O Ipea (Instituto de Pesquisa Econômica Aplicada) revisou sua projeção para a inflação neste ano a 7,1%, de 5,9% antes, bem acima do teto da meta do Banco Central, de 3,75%. Já o Itaú projeta que o IPCA feche o ano em 6,9%.

Para o economista-chefe da instituição, Mario Mesquita, a situação é problemática, com pico superior a 9% no acumulado em 12 meses. “Até achamos que cai no fim do ano, mas para quase 7%, ainda bastante elevado e bem superior à meta perseguida pelo BC”, disse Mesquita.

O que está pressionando os preços? Segundo o Ipea, as taxas de inflação brasileiras seguem bastante pressionadas devido a uma combinação de aceleração de preços monitorados, inflação de alimentos e bens industriais em patamares elevados e movimento inicial de recomposição dos preços dos serviços.

O instituto destacou ainda em sua mais recente revisão que parte da alta da inflação já era esperada, mas problemas climáticos, o relaxamento do isolamento social e a retomada do emprego trouxeram pressões adicionais aos preços.

“As sucessivas altas das cotações das commodities no mercado internacional e os eventos climáticos adversos – a longa estiagem e a ocorrência de geadas em regiões de produção agrícola – surpreenderam negativamente e desencadearam novos aumentos de preços de alimentos e de energia”, disse o Ipea em sua Carta de Conjuntura.
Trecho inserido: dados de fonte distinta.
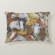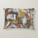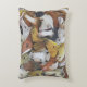 The cushion is small to medium sized. It can be washed. It is well constructed. The material used is pleasant and feels decent quality. It has a very slight plush feel which is good. It is well labelled and its care clearly stated. Theres nothing not to like about it. All in all a good item. The deduction of one star overall is due to long delays in delivery to the UK. It's not clear if this was due to Zazzle or somewhere else in the chain as I did not receive status updates of dispatch or progress. I cannot comment anymore on that other than to say that was our experience but it may not be the same for you. The printing was surprisingly close to what we were expecting. Its an art piece and on material so its hard to assess the precision of printing but it seems close to the original. The soft lines are reproductions of the original. The colour is a fair reflection of the painting. This was printed in the US and it looks like US quality. No issues.
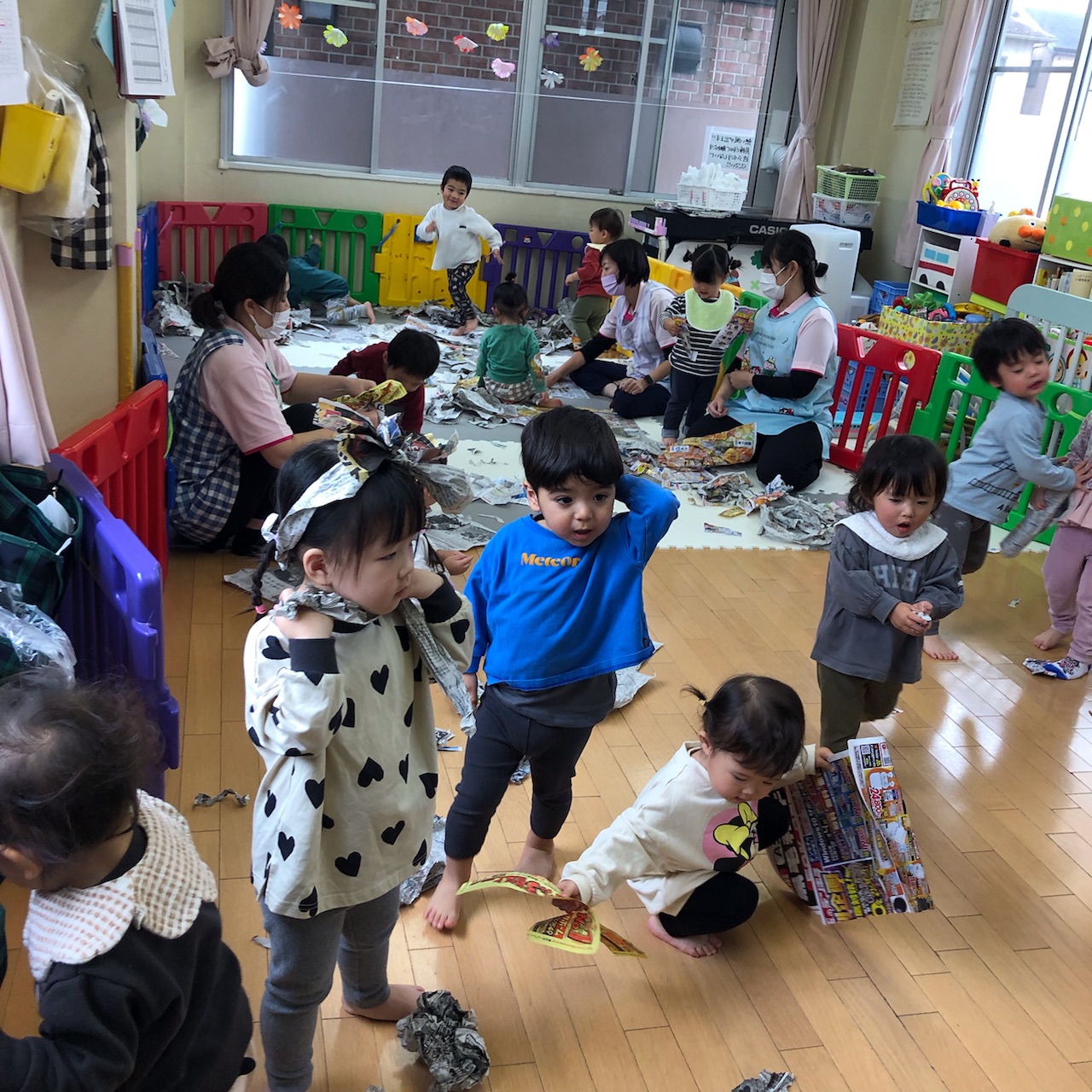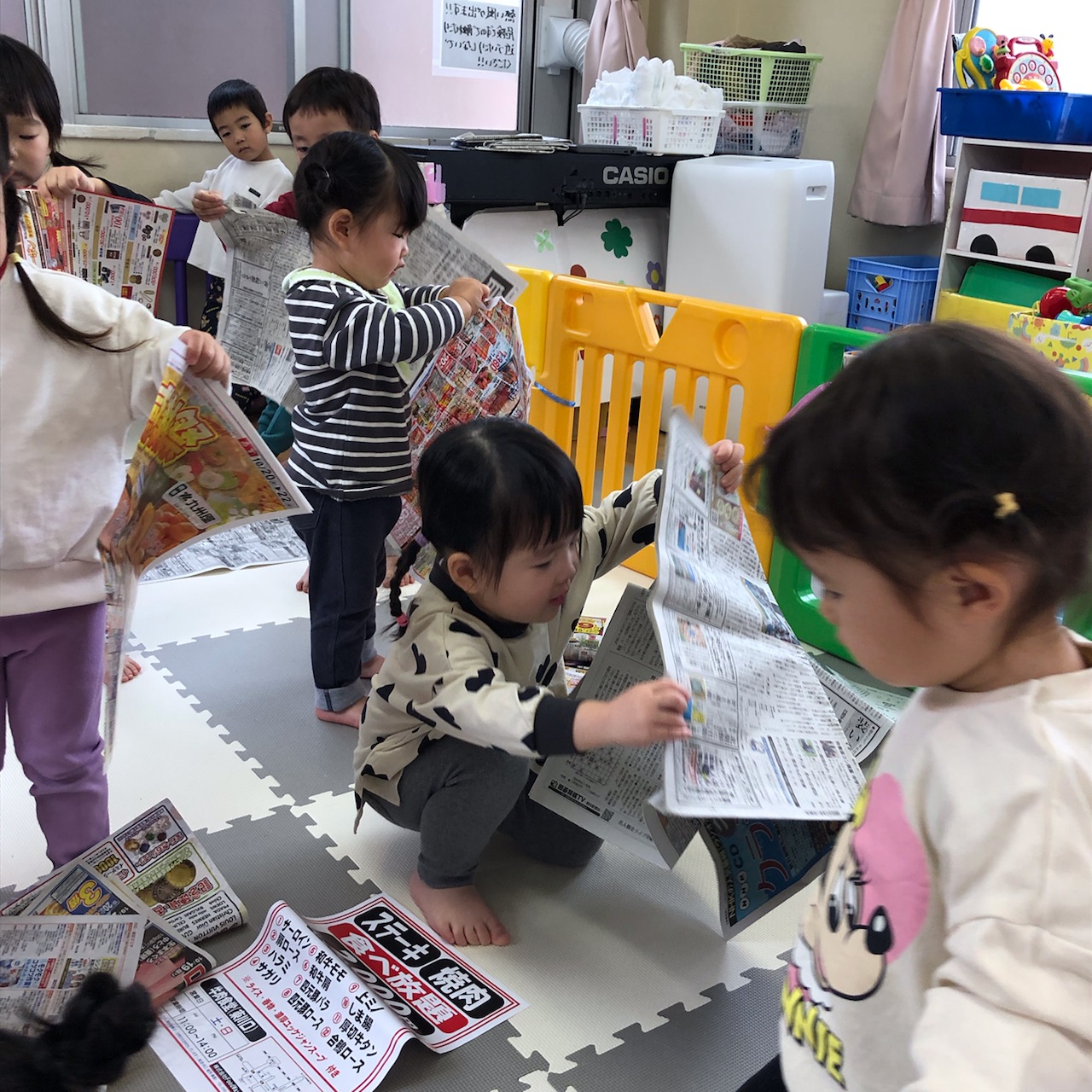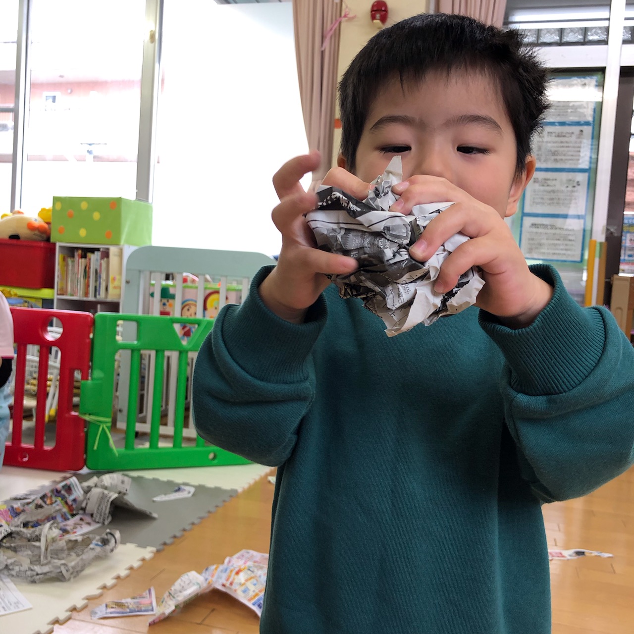 体操をした後、新聞紙で遊びましたよ^ – ^

Qual a previsão de inflação para 2022? O Ipea calcula alta do IPCA de 4,1%, contra objetivo de 3,50%. Já o Itaú estima um IPCA de 3,9% em 2022.

Em relação ao cenário para 2022, a perspectiva do Ipea é de uma certa acomodação, dado que a trajetória de alta dos juros pode ser um freio para o aumento dos preços.

“Para 2022, as expectativas estão ancoradas em uma acomodação nos preços internacionais das commodities e na baixa probabilidade de um fenômeno La Niña intenso, gerando, por conseguinte, menor pressão sobre alimentos, combustíveis e energia elétrica”, disse o Ipea.

“Os riscos à inflação em 2022 seguem associados aos preços das commodities e à taxa de câmbio”, completou.

Para o Ipea, as perspectivas para os próximos meses são de mais pressão, derivadas dos combustíveis e energia elétrica, além de alimentos e serviços.

“A perspectiva de continuidade de alta nos preços dos alimentos no mercado internacional, especialmente das proteínas animais, aliada à variação recente maior que prevíamos, elevou a projeção de alimentos no domicílio de 5,0% para 6,9%”, explicou o instituto.

O que o emprego tem a ver com a inflação? A recuperação do emprego aumenta o consumo, pressionando preços. “Adicionalmente, a recuperação do mercado de trabalho formal e o relaxamento das medidas de distanciamento social, em razão do avanço da vacinação, trouxeram, nos últimos meses, um maior dinamismo ao setor de serviços, gerando margem para uma recomposição de preços nesse segmento”, completou o Ipea.